"Granting the other person freedom means that you give him / her freedom to act, to choose, to judge and to make decisions: this is an ethical requirement of social recognition" (Ivana Marková: The dialogical mind, 2016)
Adolescence is a mysterious time. It's a bit like a roller coaster, but it never throws you off at the same place you entered it. With some unknown magical power, it takes you to another place that may look similar but may also be very different. And no one knows or can predict where the roller coaster will take our kid. Kind of scary, right?
When we hold 2-day open dialogue introductory courses, we usually offer some kind of "live dialogue" that participants can use to work through some professional or personal issue.
In one of the last courses, my colleague Martina, whom I have known for a long time, volunteered as a "client". My course co-lecturer Katka was a "therapist" who facilitated a dialogue with her and involved one of the other participants as a reflective person.
Martina shared with us her family troubles and, above all, her worries about her 15-year-old son, who is going through a very turbulent adolescence, which is apparently related to the demanding divorce process of Martina and her husband. These turbulences include experimenting with drugs, being around wild guys, mood swings, or lack of communication.
There are not many mothers here in Czech Republic who have more direct experience with these "symptoms". Martina has been involved in drug and addiction services as a professional social worker and psychotherapist for over twenty-five years and currently runs a center that is usually the only safe haven for people struggling with heavy drug use.
In addition, Martina has two older sons who have already successfully passed the challenging period called adolescence. Talking about her experiences, she sounded really confident that she knows the do's and don'ts of being a mother to a teenage boy.
Her skills and wisdom in being a "teenage guide" was clearly shown to me in the way she articulated her greatest concern. As I understood it, she was worried that her son might feel like he was going to lose his father and would have no place to process his emotions.
In other words, her greatest fear was not his consumption of alcohol, smoking or potentially criminal activity, but a lack of emotional support that could lead to isolation.
From a dialogic point of view, life is a never-ending dialogue, and when something stands in its way, it can be potentially life-threatening. There are many things taking place in adolescence that need to be worked through with at least one other person. And not just verbally.
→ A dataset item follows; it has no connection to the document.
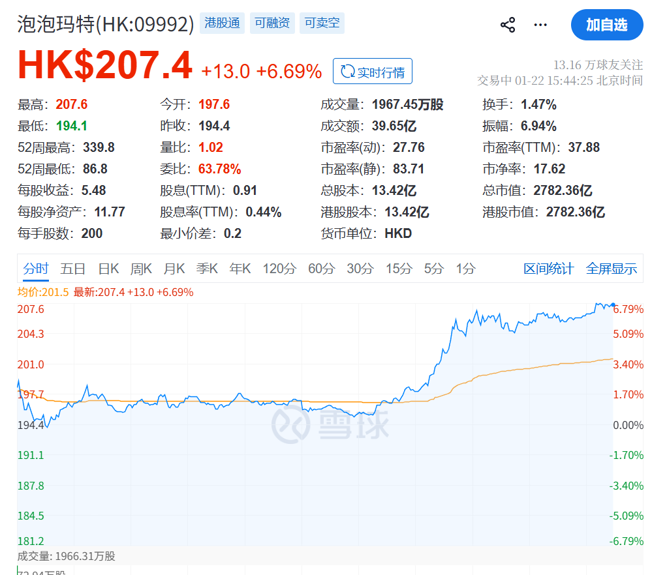 另外,值得一提的是,1月21日晚间,泡泡玛特发布公告称,公司当日以9649万港元回购公司50万股股份,回购价格为191.1港元至194.9港元。这是公司本周内第二次回购股份,累计回购金额近3.5亿港元。

As the body changes, it needs other bodies stable enough to lean on.
Martina knew that her husband was a very important person for her youngest son, and now that his father has left home, they spend much less time together. She imagines how it might hurt. Unfortunately, she can't find a way to talk to her son about it. He withdraws from talking to her, perhaps also because he knows how painful the divorce process is for her.
As the conversation progressed, it became clear that there was at least one important person with whom Martina's son could speak with confidence - his friend, a girl his age, who is trusted by both Martina and him. But since Martina can't know the details of their conversations, she can't really know what's going on with her son, and she probably has a very hard time coming to terms with this fact.
At the end of the conversation, Martina said that the consultation was a relief for her. She learned that she couldn't do more at this point, she just had to be there as she was. And in order to do that, she also has to take care of her own emotions, which she started to be more aware of during our morning bodyscan. That's why she also decided to return to her mindfulness practice.
It may sound simple, but it is actually extremely difficult to watch your child engage in risky
practices and do nothing. But, maybe paradoxically, this is the crucial task of parents of teenage children. Taking the stance of "watching" them (meaning being with them, not leaving them, being interested in them) while tolerating the uncertainty of not knowing where the roller coaster will throw them off.
Sometimes it deserves many hours of mindfulness or meditation or therapy for parents.
During the interview, Martina said that she once asked her eldest son how he experienced his adolescent years. He said, "I had a lot of freedom, but I never felt like my mom didn't care about me". I don't think it can be said better.
You may ask: But what if they don't care about us? Well, it's their choice. And it is their right. But never let them feel that you don't care about them!